Exercise aim: Produce the lines from the one containing "施工期间(2023年7月23" through the end of the material exactly as they appear, both ends included, and leave the pictures out.

Provided material:
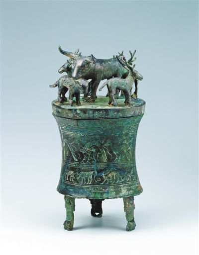 貯貝器是滇國用來貯藏海貝的青銅容器,類似于今天兒童的“攢錢罐”,其中貯藏的海貝是來自異域的珍品,在特定的社會環(huán)境中充當(dāng)了滇國的“特殊等價物”,起著貨幣作用。貯貝器上最常見的裝飾圖像就是牛。
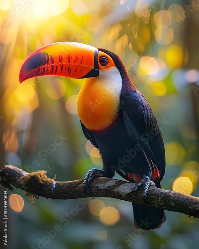 © Syed, Obraz premium Bright toucan with a large beak resting on a branch, digital painting
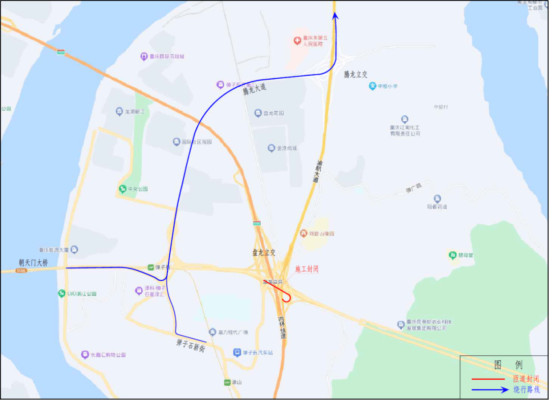 施工期间(2023年7月23日至9月10日),封闭盘龙立交由朝天门大桥经峡江路至渝航大道方向的匝道。该匝道封闭期间,车辆可绕行腾龙大道-腾龙立交进入渝航大道(图1)。
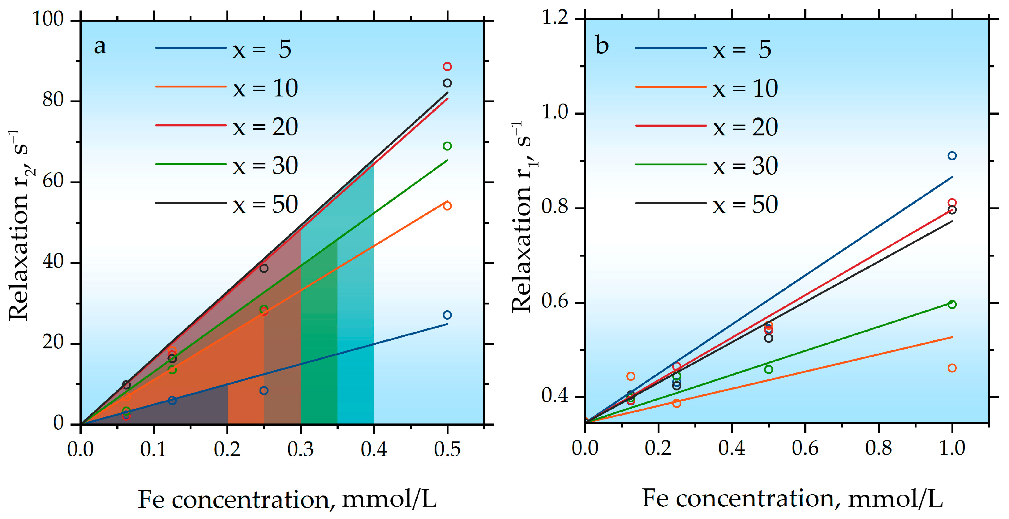 | Sample | Coercivity Hc, kA/m | Specific Remanent Magnetization σr, A·m2/kg | Specific Saturation Magnetization σs, A·m2/kg | r1, mmol/L/s | r2, mmol/L/s |

Your solution:
 施工期间(2023年7月23日至9月10日),封闭盘龙立交由朝天门大桥经峡江路至渝航大道方向的匝道。该匝道封闭期间,车辆可绕行腾龙大道-腾龙立交进入渝航大道(图1)。
 | Sample | Coercivity Hc, kA/m | Specific Remanent Magnetization σr, A·m2/kg | Specific Saturation Magnetization σs, A·m2/kg | r1, mmol/L/s | r2, mmol/L/s |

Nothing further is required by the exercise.